The resulting algorithm is called Penguins Search Optimization Algorithm (PeSOA).
To test their hypothesis, the research team used an already-available model of an electric car’s hybrid braking system to compare their simulated penguins to popular alternative methods.
(It’s “hybrid” because the simulated car combines conventional mechanical (friction) brakes with electric motors. Normally, the motors power the car, but, when the car is braking, the motors reverse their function, becoming generators that create mechanical resistance (drag) on the wheels, while also conveniently generating a bit of electricity that can be put back into the car’s battery. Why use friction brakes at all and not just the motor/generators exclusively? Two reasons. First, the generators are nearly useless if the battery is already fully charged; and second, the electrical drag isn’t enough to stop a heavy vehicle from high speed. Electric braking is fine for gradual deceleration but not for panic stops.)

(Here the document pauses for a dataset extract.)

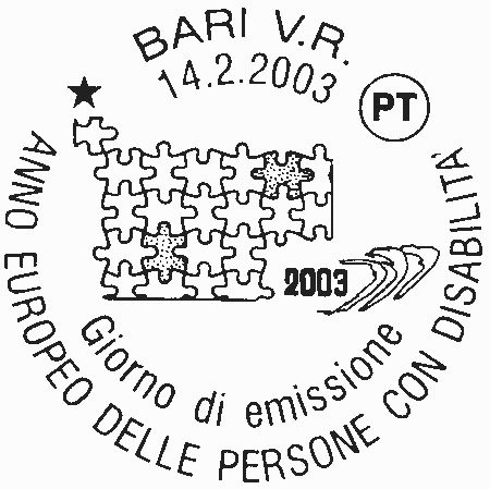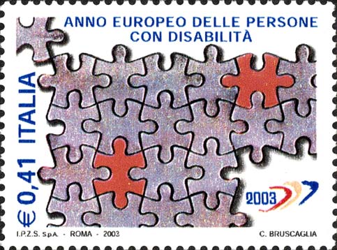 raffigura un puzzle in cui due tessere si differenziano nel colore dalle altre; in basso a destra è riprodotto il logo dell'anno europeo delle persone con disabilità 2003. Completano il francobollo la leggenda "ANNO EUROPEO DELLE PERSONE CON DISABILITÀ, la scritta "ITALIA" ed il valore "€ 0,41"

This was a test of simple brake function, not exotic auto-navigation or collision avoidance. You just press the brake pedal, the car slows. Simple, right?
Not at all. The researchers found that in the simulated braking system that they and previous researchers had used, there were 60 potential component failures that could cause a fault, most of them serious. Those might represent broken wires, loose connectors, faulty semiconductors, buggy code, and so on.
Furthermore, a fault-tree analysis revealed 11,573 “cut sets,” meaning the number of different ways that two or more components could fail simultaneously to create a fault, even when a single failure wouldn’t.
The bad news? The number of potential re-factorings (that is, the number of different ways the system could be partitioned to deliver the same functionality) meant that something in the neighborhood of 1041 different solutions had to be explored. A recursive search was clearly not feasible.
The good news? The penguins triumphed. The table below shows how the four different algorithms fared using four different weighting methods, measured in relative CPU execution time.
PeSOA was generally about an order of magnitude faster than either the GA or TS algorithms, which were, in turn far faster than a simple recursive minimum-cost search. Each row represents a different way of weighting equivalent solutions. For example, are two SIL 1 components better or worse than a single SIL 2 component, or is one SIL 3 equal to an SIL 1 plus an SIL 2? Different designers will apply different weights to these decisions based on local requirements.
Significantly, all three advanced algorithms (PeSOA, GA, and TS) did find optimal solutions. That is, you would end up with an unequivocal answer to the question of, “What is the best way to partition this complex system?” And you won’t have to go diving in icy water to find it. That ought to be worth a few fish.